Business happens in cycles. Effective financial management requires the establishment of monitoring systems that match each phase. Only through the diligent analysis of key, timely data can a small business owner hope to stay ahead of the curve and grow.
The purpose of this article mini series is to help you set up the framework for receiving financial feedback on a regular basis. You will gain an understanding of what you need to know and when. We will point out the reports you should review and provide guidance to create your own personal reporting system that will allow you to know where you stand at a glance. Regularity is the key to success. In order to succeed in business, like everything else in life, you must commit to creating a habit out of following your plan and being persistent in the face of adversity.
Different aspects of your business operate on different cycles. As a result, we will establish daily, weekly, monthly, quarterly and annual routines. Part 1 focuses on daily and weekly tasks. Part 2 will be published in July's issue and will center on monthly jobs. August's issue will include the final installment of the series and discuss quarterly and annual tasks.
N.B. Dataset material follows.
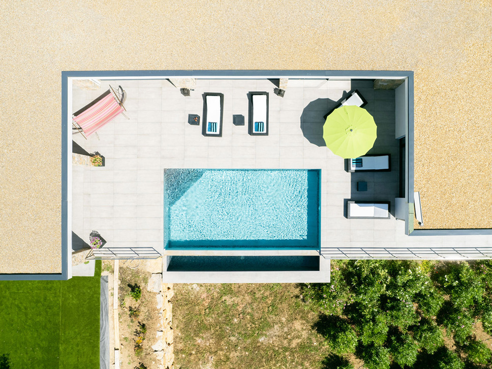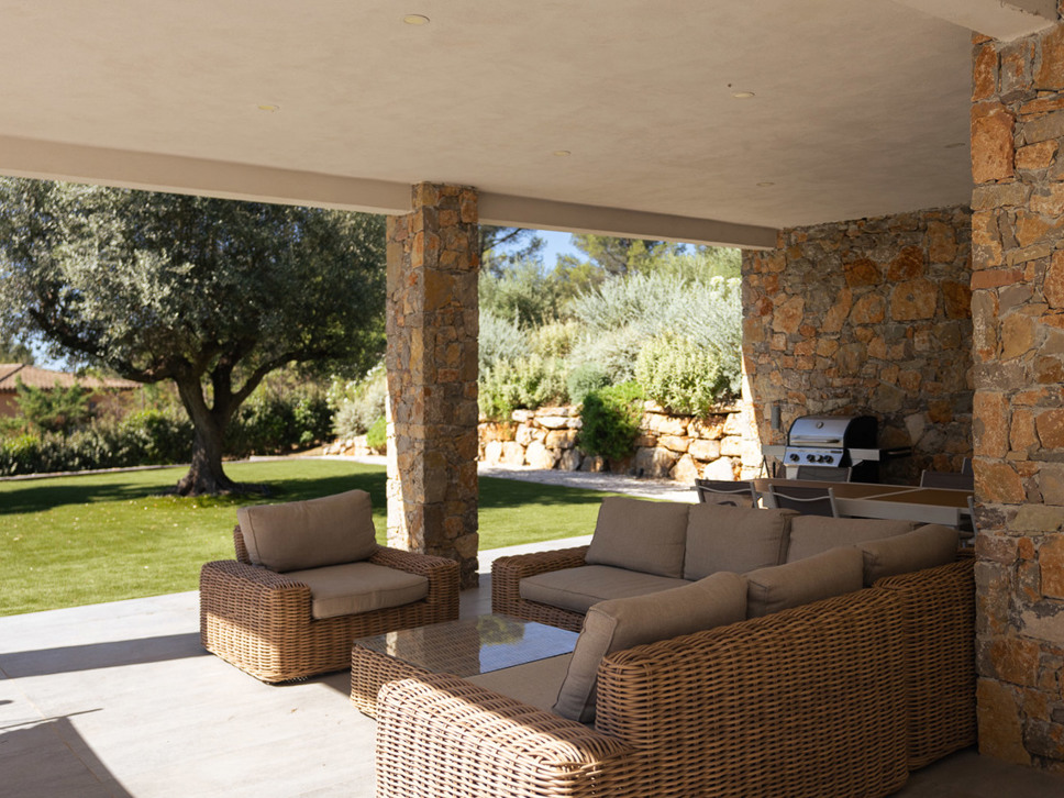Het privé zwembad (verwarmd) is voorzien van een 3/4 omsloten zonneterras met diverse ligbedden en parasols. Het overdekte terras biedt prettige verkoeling. Onder het overdekte terras staat een comfy XL loungeset en een grote eettafel. Ook is er een zomerkeuken met BBQ.
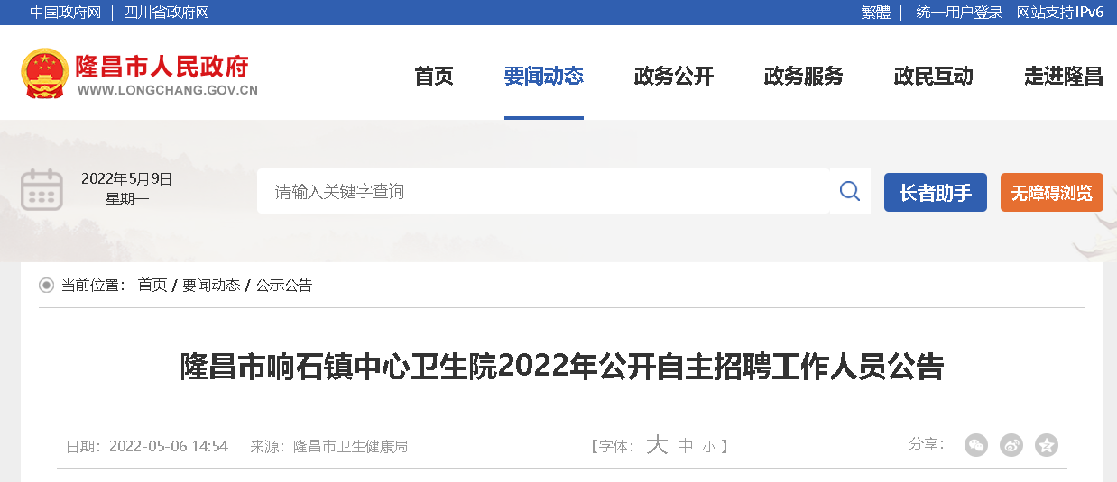 2022四川內(nèi)江市隆昌市響石鎮(zhèn)中心衛(wèi)生院自主招聘2人,報(bào)名時(shí)間:2022年5月7日至5月14日,現(xiàn)將招聘公告原文發(fā)布如下:

Daily and weekly financial management techniques are short-term focused and emphasize sales and cash flow. These are your lifeblood and must be watched like a hawk to insure enough cash is generated to pay bills, cover payroll and save for future expenditures.
You can start by creating a Daily Cash Report showing your general ledger cash balance and your bank balance. Think of the general ledger as your "true" cash position. When kept up to date, the general ledger reflects all deposits and disbursements. The resultant balance shows what is actually left to spend. The bank balance, on the other hand, reflects only those transactions that have been processed by the bank. A check written today, for example, would reduce your general ledger balance and "reserve" the funds from further use. That same check won't hit your bank account for days or weeks (the exact amount of time depends upon the speed of the mail and how quickly the payee deposits it). Never manage your business by the bank balance because you can never know what checks will be cashed or when. A positive bank balance does not necessarily mean you have money to spend.
Expand your Daily Cash Report to include a snapshot of sales. Include the previous day, month-to-date and year-to-date. Compare the figures to your monthly and annual budget. Be sure to distinguish between cash sales (includes payment by cash, check or credit card) and sales on account. Cash sales will be deposited into your bank account within a couple of days while payment of sales on account is dependent upon the credit terms you extend and how diligent your customers are in paying timely. Having these figures at your fingertips will make it easier to forecast future cash flow and monitor the sales team's effectiveness.
Create a weekly Cash Flow Forecast to determine if your short-term cash needs will be met by normal business operations. Starting with the general ledger cash balance, add the amount of cash you expect to receive in the next seven days. The figure will be derived from the work described in the previous paragraph. In addition, you should create a method of estimating the amount that will be received from clients making payment on their outstanding balance. From this total, subtract the amount of vendor bills and other payments (i.e. payroll, debt payments and equipment purchases) due in the next week. A positive result means you likely have enough money to make it through the week. A negative number means a deficit is impending. To avoid overdrawing your account one or more of the following must be done: collect past due accounts receivable, produce more cash sales, put off paying some bills, tap a line of credit or use a company credit card to pay some bills.
If a significant amount of your sales are on account, then review an Accounts Receivable Aging report weekly. The report indicates who owes money, how much is owed and how old the balance is. Use the information to evaluate your past collection effort and focus your future effort. Unless you offer unusual credit terms or your industry has unique considerations, your accounts should be collected in 30 days or less. An increase in the oldest aging categories may be an indication of problem accounts or an ineffective collection system.
Devote the next 30 days to building your daily and weekly routines. We will build upon these basics to create monthly, quarterly and annual systems which will be discussed in the next issue of Mindful Musings.